Iranian-backed hackers stole data from major US government firms


Breaking News Emails

Get interrupted news alerts and special reports. The news and stories that matter, delivered everyday morning.

By Dan De Luce and Courtney Kube

Iranian-backed hackers has stolen huge amounts of data from a major software company that handles sensitive computer projects for the White House communications agency, the US military, the FBI, and many US companies, a cyber security company that told NBC News.

Citrix Systems Inc. was attacked twice, once in December and again Monday, according to Resecurity, who notified the company and law enforcement authorities.

Attacks of brutal force attacks guessing passwords were assaulted by the Iranian-linked hacking group known as Iridium, who was also behind recent cyber attacks against several government agencies, oil and gas companies, and other targets, Charles Yoo, Resecurity's president. said.

The hackers took at least six terabytes of data and possibly up to 10 terabytes in the attack on Citrix, Yoo said. The attacks got access to Citrix through several compromised employee accounts, he said.

"So it's a pretty deep break-in, with more employee compromises and remote access to internal resources," he said.

While there is no evidence that the attacks directly penetrated US government networks, the offense poses a potential risk for the hackers to eventually find their way into sensitive government networks, experts said.

Citrix issued a statement on Friday that said the FBI had informed the company on Wednesday that it had been attacked by "international cyber criminals" and that it was about to act "to contain this incident."

"While our investigation is ongoing, based on what we know to date, the hackers seem to have accessed and downloaded business documents," it said.

"At present, there is no indication that the security of any Citrix product or service has been compromised."

The company did not specify in what period it had come during the cyber attack, how many employee accounts could have been compromised or other details. Citrix's statement came in response to a NBC News comment comment late Thursday.

"Citrix deeply regrets the impact this incident may have on affected customers," it said.

The FBI rejected comment.

Resecurity informed Citrix leaders of the first cyber attack in a December 28 email, Yoo said.

An analysis of the cyber attack showed that the hackers were particularly focused on FBI-related projects, NASA and aviation contracts, and working with Saudi Aramco, Saudi Arabia's state oil company, according to Yoo.

Yoo said his company, which has tracked the Iranian-related group for years, has reason to believe that Iridium broke its way into Citrix's network about 10 years ago and has since been lurking in the company's system.

"When an attacker enters an environment and compromises an account, it's just the first phase. And what we uncovered and through our own analysis is a very sophisticated campaign," he said.

Citrix sells workplace software to public authorities and businesses worldwide, enabling employees to work remotely from their own desktops or mobile devices from a central data center.

Suzanne Spaulding, a former senior official at the Department of Homeland Security, said hacking government firms are providing a potential attack path to US government files. She cited the 2015 cyber attack on the Federal Personnel Management Office, where private records of millions of people were compromised.

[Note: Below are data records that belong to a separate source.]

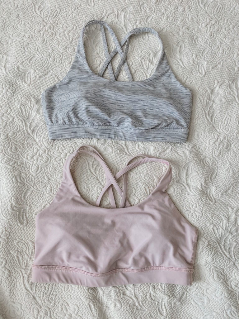 I only have 2 sports bras from Lululemon, and I got both from the sale section, which was lucky for me! They’re the same style, just different design and I wear these in size 8. I like the strappy design on the back, though they do flip over sometimes. I’ve had these for about a year or more and they’ve withstood countless machine washes pretty well.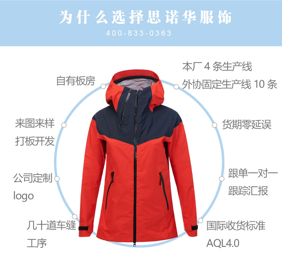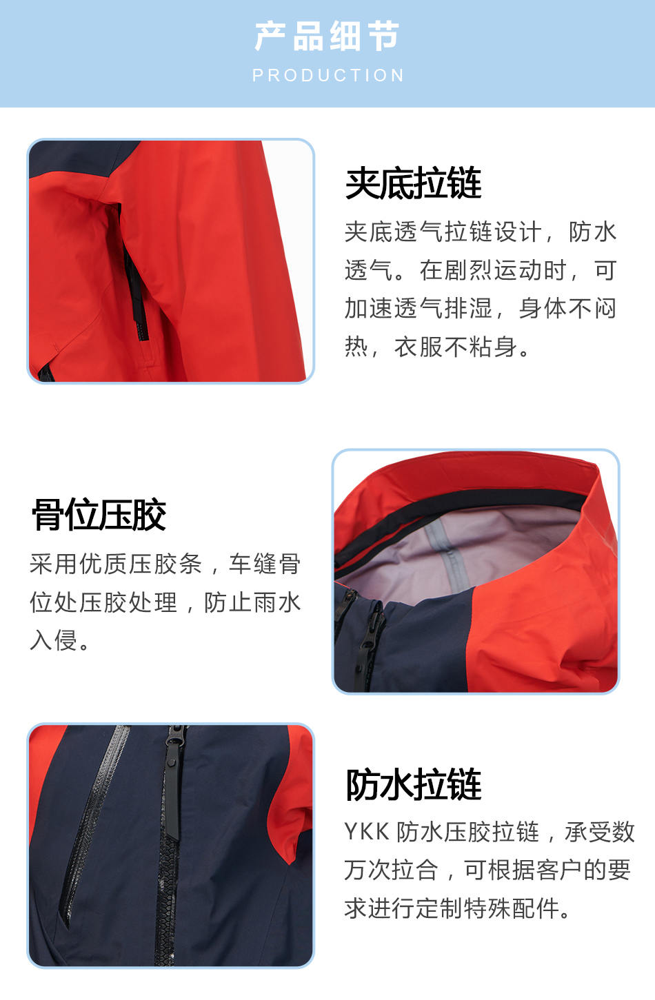防水拉鏈:單層沖鋒衣生產使用YKK防水壓膠拉鏈,承受數萬次拉合,可根據客戶的要求進行定制特殊配件。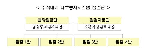 현장점검단은 강전 금감원 금융투자검사국장을 단장으로, 금융투자검사국 및 금융유관기관 직원(금융투자협회 2명, 한국거래소 2명, 한국예탁결제원 2명, 코스콤 3명) 등 24명이, 4개의 점검반으로 구성됐다.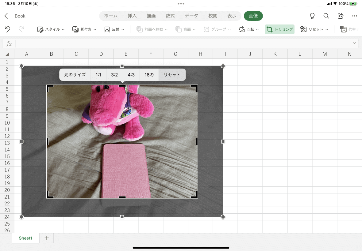 トリミング対象となる図を選択してExcel for iPadの[画像]タブを開き、[トリミング]をタップして、ポップアップメニューから[リセット]をタップします。

"Public contractors often have sensitive information. Keep in mind that the" OPM violation "involved violations of contractors who conducted background surveys for OPM and kept very sensitive information about people who sought or clarified," she said.

In the case of Citrix, although hack did not gain access to the company's operations, it is possible that opponents could gain insight into the company's network configuration and defense from the public authorities, Spaulding said. And that would make hacking for the public authorities easier, she said.

The breach of the Citrix computer network gave the hackers access to private communications with public authorities on various sensitive information technology projects involving the FBI, the Missile Defense Agency, the Defense Logistics Agency, the White House Communications Agency, the Defense Information Agency (DISA) and others, Yoo said.

DISA provides technical and communication support for the president, vice president, defense secretary and senior commanders. The White House communication agency is tasked with providing secure communication to the president and is staffed by US military personnel.

Iridium targeted Citrix to come to the company's government customers, Resecurity experts said. "It's an ideal scenario to attack customers in different verticals, including the government and the military," Yoo said.

The goal is to get into sensitive US government systems, he said. "We believe they will be targeted."

Resecurity says the Iranian-backed Iridium is the same group that stole personal data on Australian lawmakers and attacked the British Parliament in 2017 as NBC News reported former.

Federal Prosecutors last month charged former US Air Force counterintelligence agent Monica Elfriede Witt with espionage on behalf of Iran. Prosecutors said Witt had access to highly classified information in his work as opposed to and defective to Iran in 2013. US authorities also accused four Iranians – Behzad Mesri, Mojtaba Masoumpour, Hossein Parva and Mohamad Paryar – allegedly using information she had given to help them target their former colleagues and perform other cyber espionage.

Resecurity experts also said that an Iran-linked group of ties to Iridium was suspected in an attempt to hack into Israel's missile warning system more than a year ago.

Israel Defense Forces' cyber defense division successfully rejected cyberassault on the system, giving early warning to incoming rockets and missiles, an IDF commander told Israel Hayom's weekend magazine.